» **Work task**:
Could you restate the data below word for word, without its pictures?

» **Data extract**:

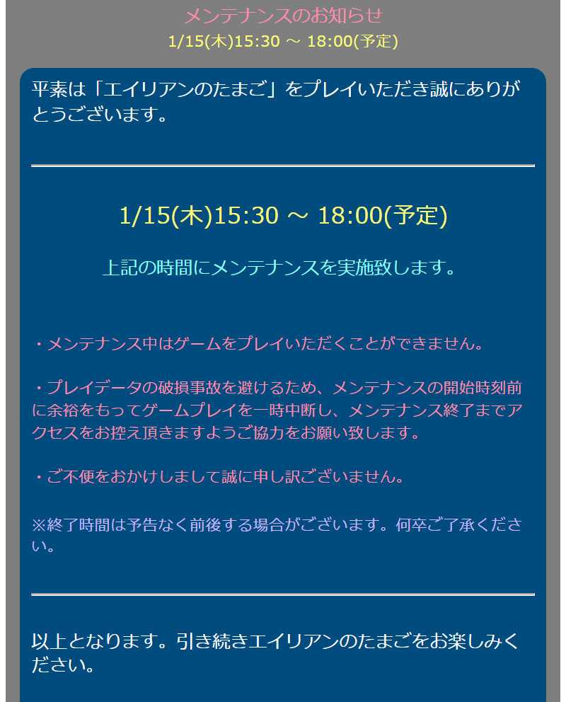 サーバーメンテナンスのお知らせ 1/15(木)15:30 ~ 18:00(予定)
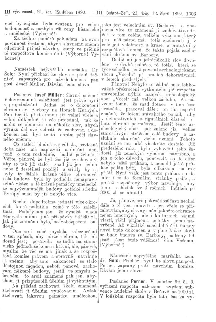 Nacházíte se: Digitální knihovna › Sněm království Českého 1889-1895 › 3. zasedání › Stenoprotokoly › 21. schůze › Úterý 12. dubna 1892
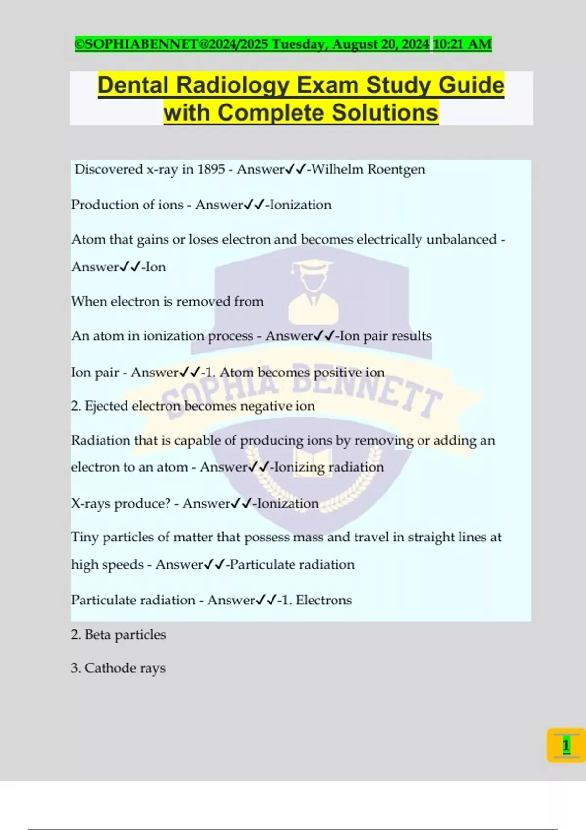 Dental Radiology Exam Study Guide with Complete Solutions Discovered x-ray in 1895 - Answer️️ -Wilhelm Roentgen Production of ions - Answer️️ -Ionization Atom that gains or loses electron and becomes electrically unbalanced - Answer️️ -Ion When electron is removed from An atom in ionization process - Answer️️ -Ion pair results Ion pair - Answer️️ -1. Atom becomes positive ion 2. Ejected electron becomes negative ion Radiation that is capable of producing ions by removing or adding an electron to an atom - Answer️️ -Ionizing radiation X-rays produce? - Answer️️ -Ionization Tiny particles of matter that possess mass and travel in straight lines at high speeds - Answer️️ -Particulate radiation Particulate radiation - Answer️️ -1. Electrons 2. Beta particles 3. Cathode rays ©SOPHIABENNET@2024/2025 Tuesday, August 20, 2024 10:21 AM 2 4. Alpha particles 5. Neutrons 6. Protons Propagation of wave-like energy (without mass, without particles) through space or matter - Answer️️ -Electromagnetic radiation Electromagnetic radiation - Answer️️ -1. Cosmic rays 2. X-rays 3. Microwaves, radio waves 4. Gamma rays 5. Ultraviolet rays 6. Visible light Speed of wave - Answer️️ -Velocity Distance bt crest of one wave to crest of next wave - Answer️️ - Wavelength Number of wavelengths that pass a point in a certain amount of time - Answer️️ -Frequency Electromagnetic ionizing radiation of very short wavelength resulting from the bombardment of tungsten by highly accelerated electrons in a vacuum - Answer️️ -X-ray X-Ray tube contains - Answer️️ -1. Protective leaded glass housing ©SOPHIABENNET@2024/2025 Tuesday, August 20, 2024 10:21 AM 3 2. Cathode 3. Anode Protective leaded glass housing - Answer️️ -1. Tube enclosure with all air removed, shielding prevents radiation leakage 2. High vacuum glass tube surrounded by refined oil with high insulating powers, oil helps to absorb excess heat Made of tungsten filament and molybdenum cup - Answer️️ -Cathode Charge of cathode - Answer️️ -Negative Heated to give off cloud of electrons - Answer️️ -Filament -thermionic emission Focuses electrons toward the anode - Answer️️ -Cup Supplies electrons necessary to generate x-rays - Answer️️ -Cathode Made of a copper arm and focal spot - Answer️️ -Anode Charge of anode - Answer️️ -Positive Focal spot is made of - Answer️️ -Tungsten target Action of anode - Answer️️ -Converts bombarding electrons into x-Ray photons What happens when electrons strike tungsten target - Answer️️ -Energy of motion is converted to x-Ray energy and heat ©SOPHIABENNET@2024/2025 Tuesday, August 20, 2024 10:21 AM 4 How much of energy is lost as heat - Answer️️ -99% Quality of C-Ray beam - Answer️️ -kVp Quality refers to - Answer️️ -Penetrating power of beam KVp regulates - Answer️️ -Speed of electron traveling from cathode to anode Higher kVp means - Answer️️ -Faster electrons Higher kVp=harder x-rays= - Answer️️ -Short wa

» **Output of the task**:
 サーバーメンテナンスのお知らせ 1/15(木)15:30 ~ 18:00(予定)
 Nacházíte se: Digitální knihovna › Sněm království Českého 1889-1895 › 3. zasedání › Stenoprotokoly › 21. schůze › Úterý 12. dubna 1892
 Dental Radiology Exam Study Guide with Complete Solutions Discovered x-ray in 1895 - Answer️️ -Wilhelm Roentgen Production of ions - Answer️️ -Ionization Atom that gains or loses electron and becomes electrically unbalanced - Answer️️ -Ion When electron is removed from An atom in ionization process - Answer️️ -Ion pair results Ion pair - Answer️️ -1. Atom becomes positive ion 2. Ejected electron becomes negative ion Radiation that is capable of producing ions by removing or adding an electron to an atom - Answer️️ -Ionizing radiation X-rays produce? - Answer️️ -Ionization Tiny particles of matter that possess mass and travel in straight lines at high speeds - Answer️️ -Particulate radiation Particulate radiation - Answer️️ -1. Electrons 2. Beta particles 3. Cathode rays ©SOPHIABENNET@2024/2025 Tuesday, August 20, 2024 10:21 AM 2 4. Alpha particles 5. Neutrons 6. Protons Propagation of wave-like energy (without mass, without particles) through space or matter - Answer️️ -Electromagnetic radiation Electromagnetic radiation - Answer️️ -1. Cosmic rays 2. X-rays 3. Microwaves, radio waves 4. Gamma rays 5. Ultraviolet rays 6. Visible light Speed of wave - Answer️️ -Velocity Distance bt crest of one wave to crest of next wave - Answer️️ - Wavelength Number of wavelengths that pass a point in a certain amount of time - Answer️️ -Frequency Electromagnetic ionizing radiation of very short wavelength resulting from the bombardment of tungsten by highly accelerated electrons in a vacuum - Answer️️ -X-ray X-Ray tube contains - Answer️️ -1. Protective leaded glass housing ©SOPHIABENNET@2024/2025 Tuesday, August 20, 2024 10:21 AM 3 2. Cathode 3. Anode Protective leaded glass housing - Answer️️ -1. Tube enclosure with all air removed, shielding prevents radiation leakage 2. High vacuum glass tube surrounded by refined oil with high insulating powers, oil helps to absorb excess heat Made of tungsten filament and molybdenum cup - Answer️️ -Cathode Charge of cathode - Answer️️ -Negative Heated to give off cloud of electrons - Answer️️ -Filament -thermionic emission Focuses electrons toward the anode - Answer️️ -Cup Supplies electrons necessary to generate x-rays - Answer️️ -Cathode Made of a copper arm and focal spot - Answer️️ -Anode Charge of anode - Answer️️ -Positive Focal spot is made of - Answer️️ -Tungsten target Action of anode - Answer️️ -Converts bombarding electrons into x-Ray photons What happens when electrons strike tungsten target - Answer️️ -Energy of motion is converted to x-Ray energy and heat ©SOPHIABENNET@2024/2025 Tuesday, August 20, 2024 10:21 AM 4 How much of energy is lost as heat - Answer️️ -99% Quality of C-Ray beam - Answer️️ -kVp Quality refers to - Answer️️ -Penetrating power of beam KVp regulates - Answer️️ -Speed of electron traveling from cathode to anode Higher kVp means - Answer️️ -Faster electrons Higher kVp=harder x-rays= - Answer️️ -Short wa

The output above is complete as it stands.